Poor thing! I've never seen a swayback that bad before.


----------



## JustDressageIt

Actually, aside from the lordosis (I'd assume it's that, not just a simple aging process) and a slightly weak hq, and slightly sickle hocks, he's actually not terrible. 
As long as he's comfortable (many horses with severe lordosis are) I don't see any reason he can't be a pasture puff....


----------



## My Beau

JustDressageIt said:


> Actually, aside from the lordosis (I'd assume it's that, not just a simple aging process) and a slightly weak hq, and slightly sickle hocks, he's actually not terrible.
> As long as he's comfortable (many horses with severe lordosis are) I don't see any reason he can't be a pasture puff....


Exactly! No need for the "that horse should have been put down years ago!"

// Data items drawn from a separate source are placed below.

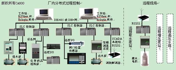 SLC500系统在工业控制中已得到广泛应用,如在冶金、化工、轻工、电力、机械等各行业都有很多成功的应用实例。图2是SLC500系统系统在水处理中的集散控制应用实例,水处理厂的厂内控制层采用DH-485或DH+网,实现处理器之间的通讯及上位机监控,设备层采用远程I/O和设备网对厂内的远程设备进行控制。对于离水处理厂比较远的泵站(水源及用户的用水量等)采用SCADA数据采集系统,通过调制解调器采集远程泵站的数据,主控系统根据采集的数据,自动调整远程站的工作情况,实现了整个供水系统的自动控制。
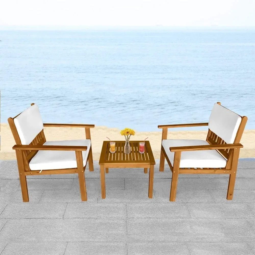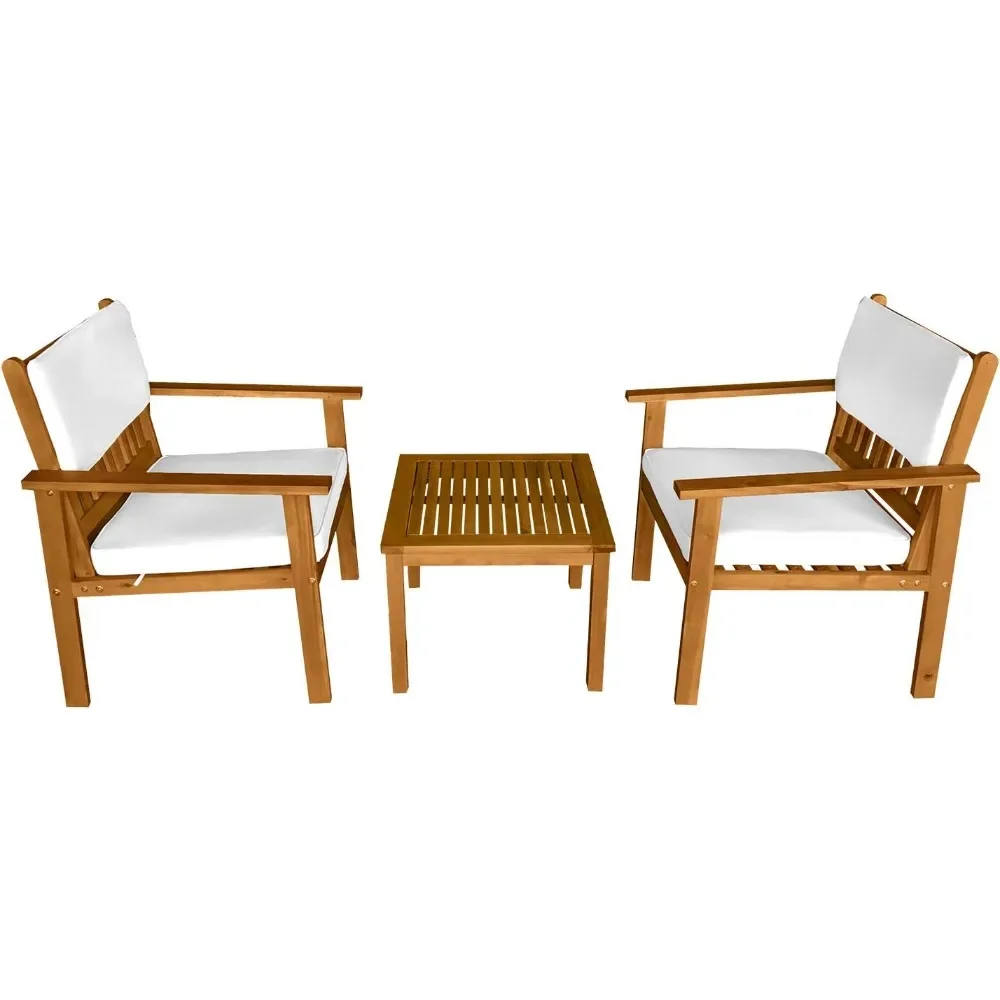 - √【DURABLE WOOD】: This bistro set is made of real Acacia wood with a natural finish. This chat set is solid, strong and durable.This table chair set is Crafted from solid, weather-resistant natural acacia wood for beauty and long-lasting durability.Acacia wood is strong and durable.Resistant to rain, salt, water and chlorine .No splinter, rust, crack, chip or peel. No harmful chemicals is used. Bistro Set Table Chair Set Chat Set.
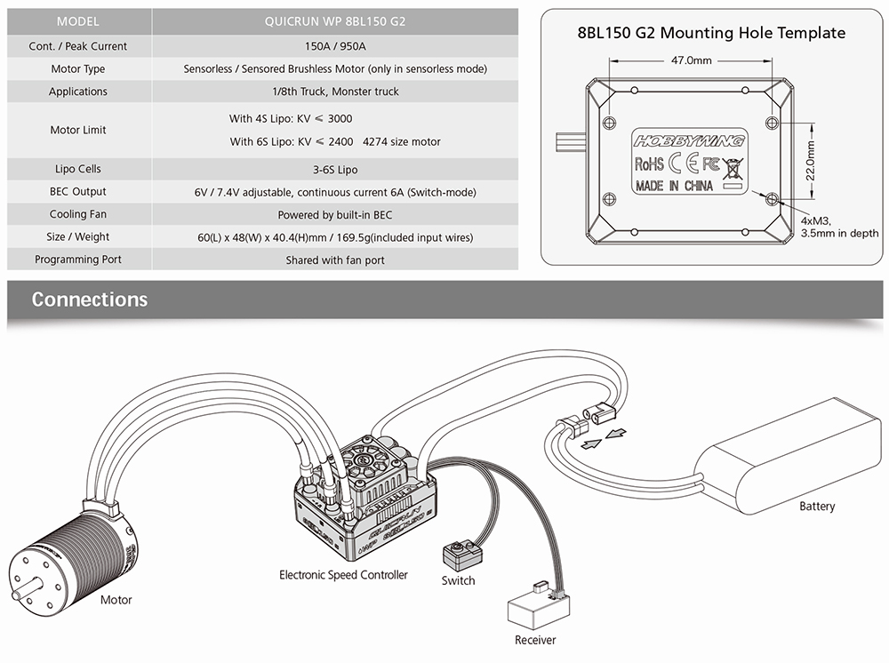 BEC Output: Switch mode 6V/7.4V @ 6A;

And I don't think the hocks look all that bad - I've seen worse.


----------



## Junebug

Photoshop, Duh!


----------



## Susan Crumrine

Maybe we should evaluate his conformation... is that a beer gut? You should have been put down years ago....


----------



## ThatNinjaHorse

Junebug said:


> Photoshop, Duh!


 its not photoshopped


----------



## BlackAmethyst

I've seen this happen when breeding young mares to early! My friend bought an arabian mare that was bred when she was 1 1/5 !! She is now swaybacked but not to this extream! They bred her young because the stallion that they wanted to cross with her was about to die. I still dont know why they risked her though! She is a very pretty mare with EXTREAMLY rare Sheykh Obeyd bloodlines!


----------



## BlackAmethyst

Junebug said:


> Photoshop, Duh!


NO,NO :roll:


----------



## CrazyChester

He is just swaybacked.  He is quite cute and looks happy enough.


----------



## Fire Eyes

_I have to admit I thought it was a silly edit when I first saw it. But the shed behind doesn't seem to be edited. 

Sad to see, I hope he's not in pain.
_


----------



## parcfarms

poor boy! =(


----------



## roro

kevinshorses said:


> That's a horse that should have been put down years ago!!


Who are you to decide whether a horse that you don't know should live or die? Lordosis (swayback) often does not cause pain to the horse. He is most likely able to walk around and eat with ease. This just looks like an old horse who has had a long life who is hopefully enjoying his retirement. He may look sleepy, but I see no obvious signs of pain by the way he is standing or holding his neck/the look on his face.


----------



## kated

Poor guy! Reminds me of an old timer we had at the barn across the street from mymoms when we were growing up


----------



## farmpony84

I think it is a little photoshopped. There is some "smudging" just above the horses back that looks like someone made the lordosis or sway look worse then it really is. I think the horse is old and positively swaybacked, but I think the photo has been adjusted a little as well.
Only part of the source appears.